Alumnus-lecturer creates Renaissance-style paintings for Wisconsin church

UCSC alumnus (Porter '00) and art lecturer Noah Buchanan has spent the last year creating two large commissioned paintings for a newly built Renaissance-style church in Wisconsin. (Photos by Christina Waters)

For the past year, UCSC alumnus and Art Department lecturer Noah Buchanan has been working to create two larger-than-life paintings for a new Renaissance-style church recently built in Wisconsin.

Next week, the 11-foot tall and 4.5-foot wide oil paintings will be carefully packed into a large wooden crate and shipped by truck to LaCrosse, Wisconsin, where they will be installed in The Shrine of Our Lady of Guadalupe.

"It's by far the biggest job I've ever taken on in painting," says Buchanan. "I'm using traditional oil painting techniques from 17th-century Europe. I've gone through just a ton of paint--I had 14 to 15 colors on the palette."

Because of the sheer size of the paintings, Buchanan rented a room with an extremely tall ceiling on the second floor of the old, historic Holy Cross High School building in Santa Cruz to complete the commissioned project. The canvasses were so large they couldn't fit in the studio--attached to his house in Santa Cruz--where he normally works.

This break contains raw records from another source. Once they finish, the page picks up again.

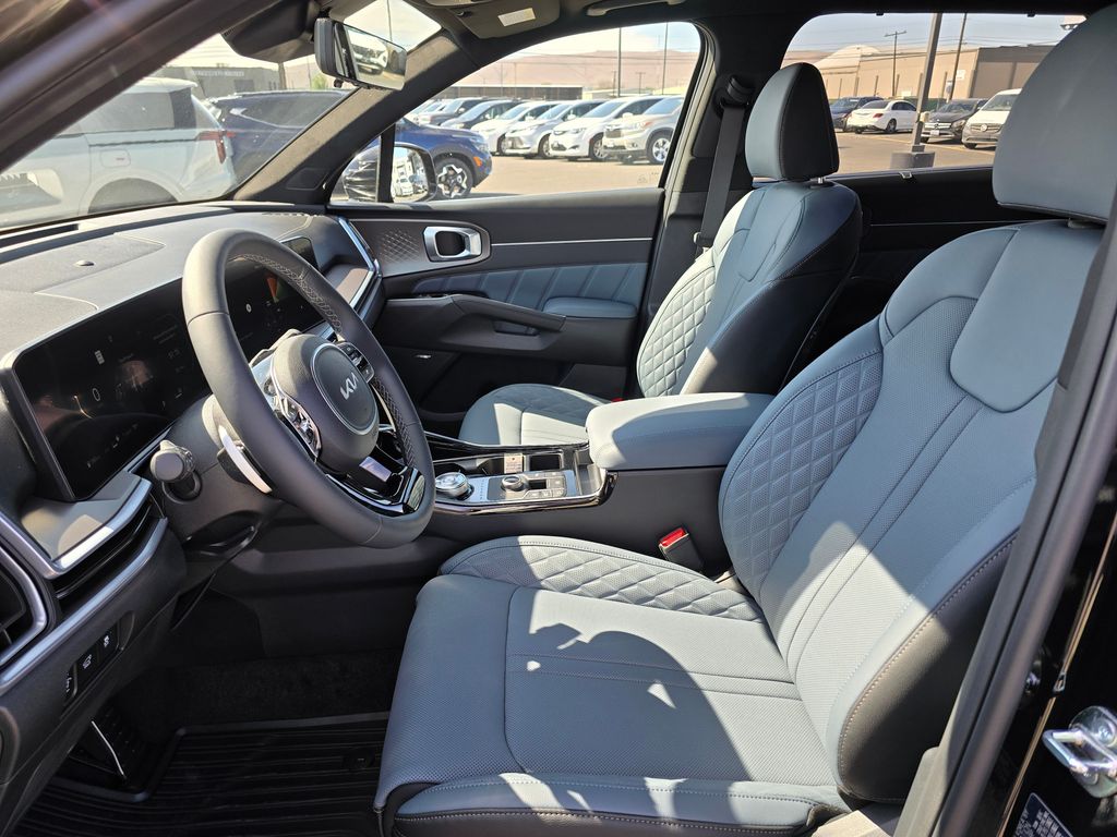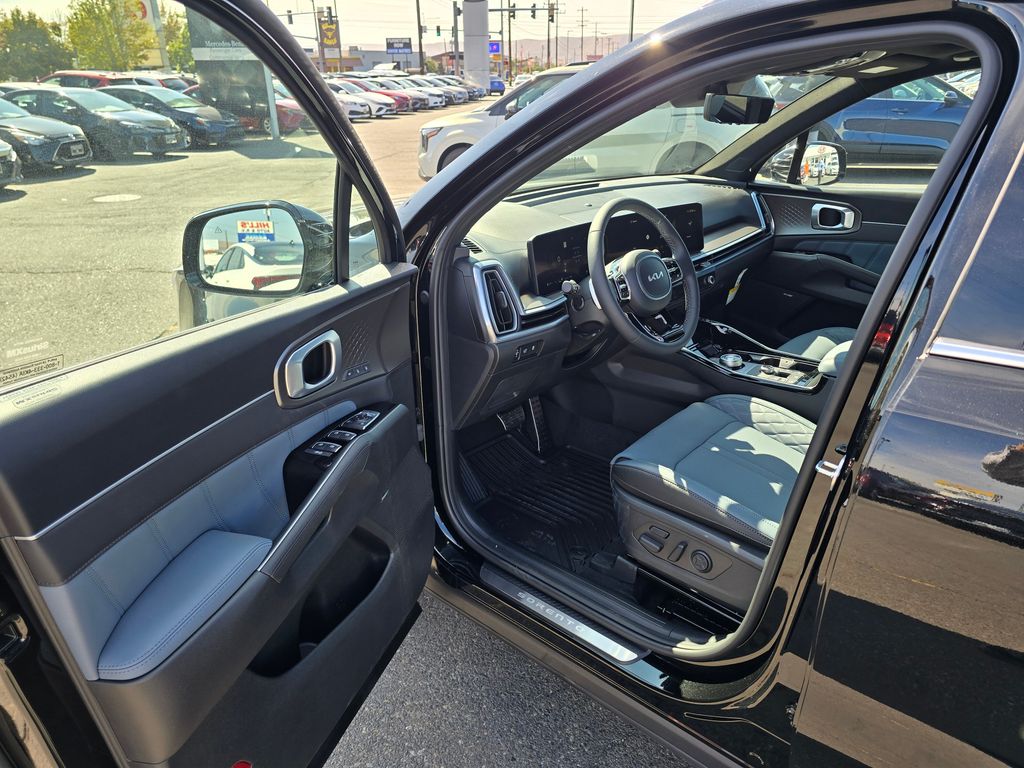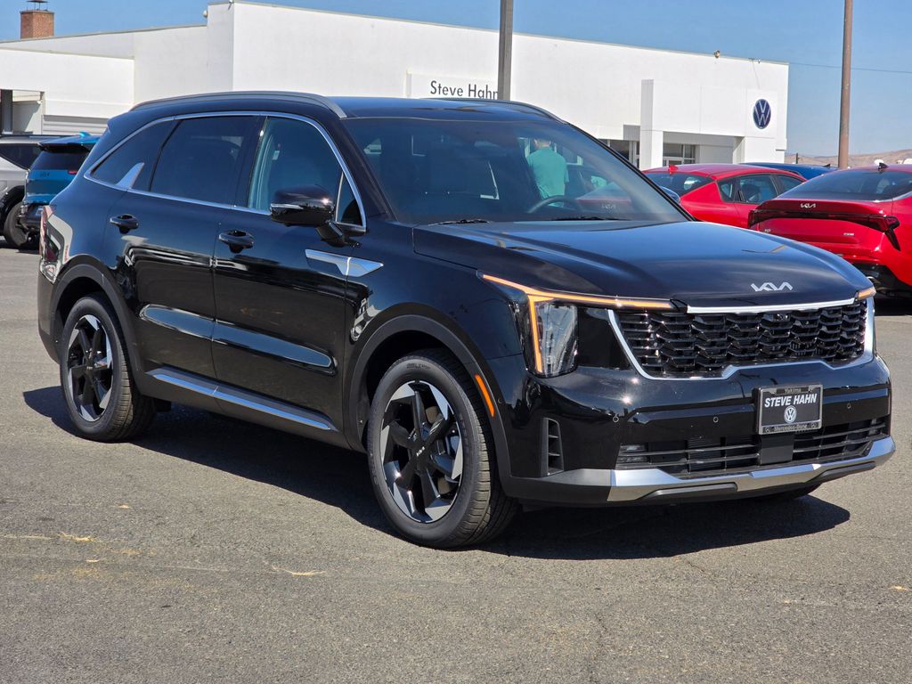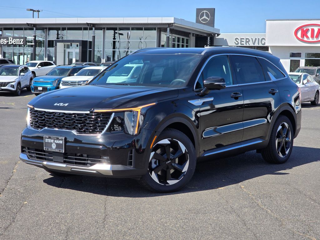 Aurora Black Pearl 2025 Kia Sorento Hybrid SX Prestige 1.6L Turbo GDI 4-Cylinder 6-Speed Automatic AWD 4D Sport Utility 1.6L Turbo GDI 4-Cylinder, 12 Speakers, 3rd row seats: split-bench, 4-Wheel Disc Brakes, ABS brakes, Air Conditioning, Alloy wheels, AM/FM radio: SiriusXM, Apple CarPlay & Android Auto, Auto High-beam Headlights, Auto-dimming Rear-View mirror, Automatic temperature control, Brake assist, Bumpers: body-color, Delay-off headlights, Driver door bin, Driver vanity mirror, Dual front impact airbags, Dual front side impact airbags, Electronic Stability Control, Emergency communication system: 911 Connect, Exterior Parking Camera Rear, Four wheel independent suspension, Front anti-roll bar, Front Bucket Seats, Front Center Armrest, Front dual zone A/C, Front fog lights, Front reading lights, Fully automatic headlights, Garage door transmitter: HomeLink, Heated & Ventilated Front Bucket Seats, Heated door mirrors, Heated front seats, Heated rear seats, Heated steering wheel, Illuminated entry, Knee airbag, Leather steering wheel, Low tire pressure warning, Memory seat, Navigation System, Occupant sensing airbag, Outside temperature display, Overhead airbag, Overhead console, Panic alarm, Passenger door bin, Passenger vanity mirror, Perforated Genuine Leather Seat Trim, Power door mirrors, Power driver seat, Power Liftgate, Power moonroof, Power passenger seat, Power steering, Power windows, Radio data system, Radio: AM/FM/SiriusXM Audio System, Rain sensing wipers, Rear air conditioning, Rear anti-roll bar, Rear reading lights, Rear window defroster, Rear window wiper, Remote keyless entry, Security system, Speed control, Speed-sensing steering, Split folding rear seat, Spoiler, Steering wheel mounted audio controls, Tachometer, Telescoping steering wheel, Tilt steering wheel, Traction control, Trip computer, Turn signal indicator mirrors, Variably intermittent wipers, Ventilated front seats, Wheels: 19 Machine-Finished Aero Alloy, 1.6L Turbo GDI 4-Cylinder. Price includes: $1000 - Sticker Sales Event Retail Bonus Cash. Exp. 01/02/2026 $2500 - KFA Dealer Choice Program: $2500 discount and 5.25% APR for 36 months. $30.08 per $1000 financed. Available to well qualified buyers who finance through Kia Finance America. 506. Exp. 01/02/2026
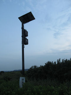 40~75w程度のパネルに上の箱が、充電コントローラとたぶん、タイマーでも入れてるとおもう。
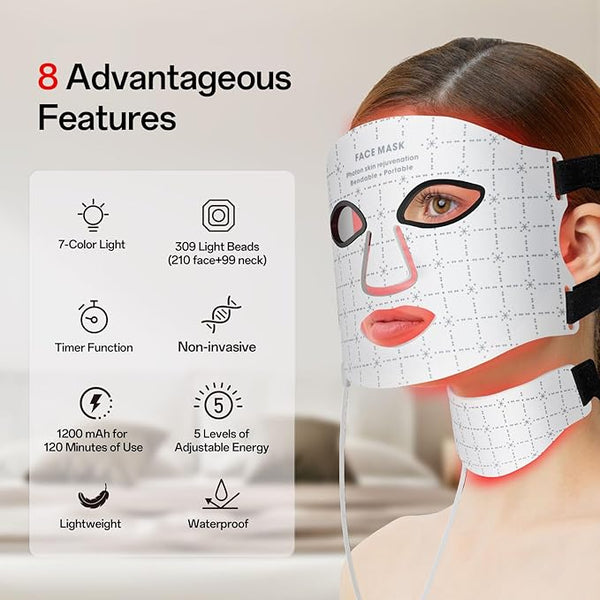 Facego Red Light Mask for Face & Neck features 7 light modes that tackle various skin concerns, like anti-aging, fading fine lines, and wrinkles. Equipped with 309 professional light beads ? 210 for the face and 99 for the neck ? it delivers synchronized dual-zone care, leaving no area neglected. Crafted from lightweight silicone, it fits comfortably. The 1200mAh battery offers 120 minutes of runtime, and its wireless design lets you multitask ? skincare while doing chores or watching TV.

He was recommended for the job by a former professor from the Pennsylvania Academy of the Fine Arts in Philadelphia, where Buchanan studied classical painting and drawing for two years before enrolling at UC Santa Cruz and earning a B.A. in art. He went on to receive an M.F.A. in painting from the New York Academy of Art in 2002.

At UCSC, Buchanan studied with professor of art Frank Galuszka, who coincidentally had also just moved to Santa Cruz from Philadelphia to join the UCSC faculty. "We had a great relationship; we really connected as teacher and student," said Buchanan.

That relationship proved to be quite helpful for this particular project. Buchanan said that Galuszka, former chair of the UCSC Art Department, dropped by the studio on a weekly basis to offer suggestions and advice about the paintings.

Buchanan said he has been working toward the goal of mastering painting techniques of the Renaissance and 17th-century Europe since he first began art school in 1994. For the past six years, he has also taught classes in painting and drawing at UCSC, Cabrillo College, and the College of San Mateo.

"I think most people aren't aware of all the planning that goes into works like these," Buchanan noted. "There's just months of doing studies and drawings of all the elements. You're looking at other paintings and focusing on mundane details--such as if there's a brick floor in the painting, you need to look at a brick floor and rehearse exactly how it will look."

Despite a great deal of anxiety and several false starts due to errors of anatomy and proportion, Buchanan said he is quite happy with how the two paintings turned out.

"It was an emotional rollercoaster," he reflected. "I would liken the whole experience to some kind of sea voyage. You leave the port in really good form, but soon hit a huge squall and lose some people and equipment. After you refigure your goals and plans, you finally return to your initial port of origin and you're amazed--you can't believe you made it. And the ship is in entirely different shape. That's the closest thing to how it feels."